5. Character-Level Tokenization (used by CharRNN and some LSTM models)
- Vocabulary Size: Small (usually around 100 tokens for common characters like letters, punctuation, and digits).
- Subword Usage: No.
- How it Works:
- Every character in the input text is treated as a token.
- There's no need for subword or word tokenization since each character is treated independently.
- Strengths:
- Completely eliminates the OOV problem because every word is decomposed into individual characters.
- Very simple and can work with any language without retraining.
- Weaknesses:
- Significantly increases the length of input sequences, since each character is a separate token.
- Requires deeper models to learn meaningful context from individual characters, making it slower and less efficient for many tasks.
6. Word-Level Tokenization (used in older models)
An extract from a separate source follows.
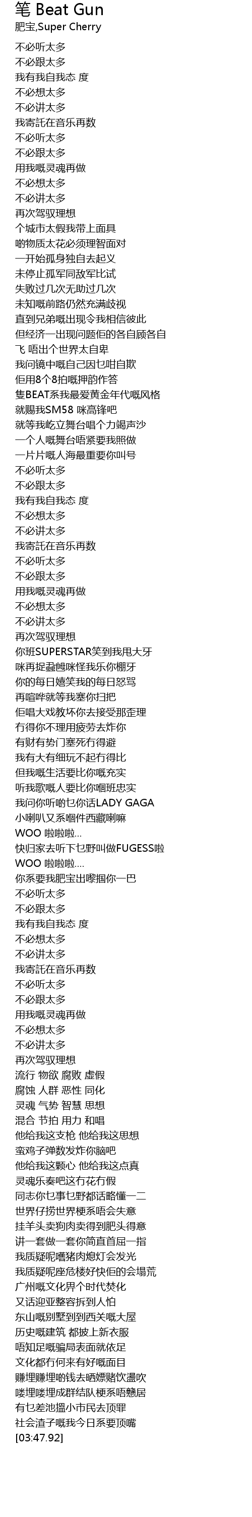 | [02:57.25] | 蛮鸡子弹数发炸你脑吧 |

- Vocabulary Size: Large (could be 100,000 or more).
- Subword Usage: No.
- How it Works:
- Each word in the input text is treated as a token.
- OOV words that are not in the vocabulary are usually replaced with a special
[UNK]
token.
- Strengths:
- Simpler and faster since each word is treated as a single token, leading to shorter input sequences.
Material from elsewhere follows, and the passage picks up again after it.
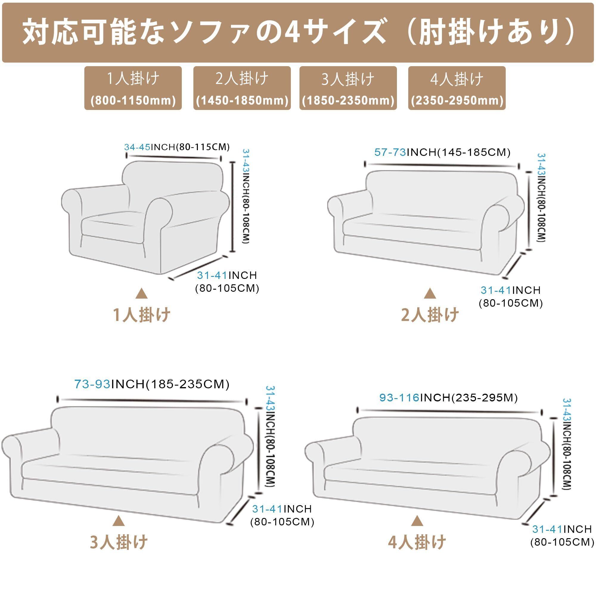 【滑り止め】このソファーカバーは伸縮性の高い素材、伸縮性のある裾が縫い付けられており、ソファーをしっかりと包み込み、しっかりとフィットし、滑り落ちにくいです。抜群の伸縮力でソファカバーが変形しにくい、簡単に着脱でき。肘付きソファーに適用します。

- More interpretable because each token corresponds directly to a word.
- Weaknesses:
- Suffers from the OOV problem: any word not in the vocabulary is replaced by
[UNK]
, making it hard to handle rare words or new terms.
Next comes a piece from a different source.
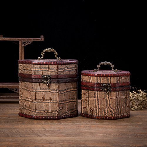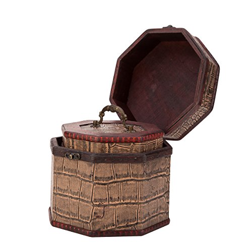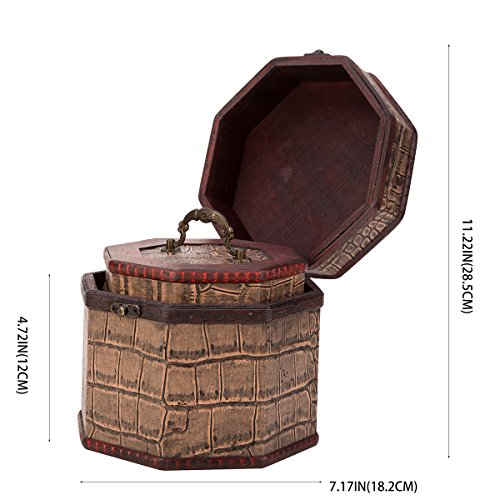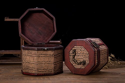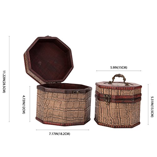 Vintage Style Crocodile Pattern Wooden Octagon Jewelry Treasure Box Storage Organizer Trinket Keepsake Chest Set of 2

- Requires a very large vocabulary to cover most common words in a language, leading to inefficient memory use.
Summary Comparison Table
Tokenizer | Vocabulary Size | Uses Subwords | Mechanism | Strengths | Weaknesses |
---|
WordPiece (BERT) | 30,522 | Yes | Greedy subword splitting (finds the longest matching subword) | Efficient, small vocab, handles OOV with subwords | Longer tokenized sequences |
Byte-Pair Encoding | ~50,000 (GPT-2, RoBERTa) | Yes | Merges frequent character pairs iteratively | Works well for common and rare words alike | Can lead to longer tokenized sequences |
Unigram LM (T5) | ~32,000 | Yes | Probabilistically selects most likely subwords and drops unlikely candidates | Flexible and efficient at encoding diverse languages | Can still create longer sequences |
SentencePiece (T5) | ~32,000 | Yes | Treats raw text as input, breaks words into subwords | Great for multilingual and non-whitespace-separated languages | Adds preprocessing complexity |
Character-Level | Small (~100) | No | Each character is treated as a token | No OOV problem, works with any language | Very long tokenized sequences, requires deeper models |
Word-Level | Large (~100,000+) | No | Each word is a token | Simple, interpretable, fast | Suffers from OOV problems, requires huge vocab size |
Popular Tokenizers for NLP Tasks Today:
Hugging Face Transformers provides built-in support for most of these tokenizers (BPE, WordPiece, Unigram, SentencePiece), making them the go-to choices for a wide range of tasks.
GPT and BERT models still heavily rely on BPE and WordPiece, respectively, while multilingual and cross-lingual models are shifting towards SentencePiece and Unigram models for greater flexibility.
Conclusion:
- Subword tokenization methods like WordPiece, BPE, and Unigram LM are the most popular in modern models because they balance vocabulary size, flexibility, and handling of rare words.
- Character-level and word-level tokenization are less commonly used now due to their limitations with rare words (OOV) or sequence length inefficiencies.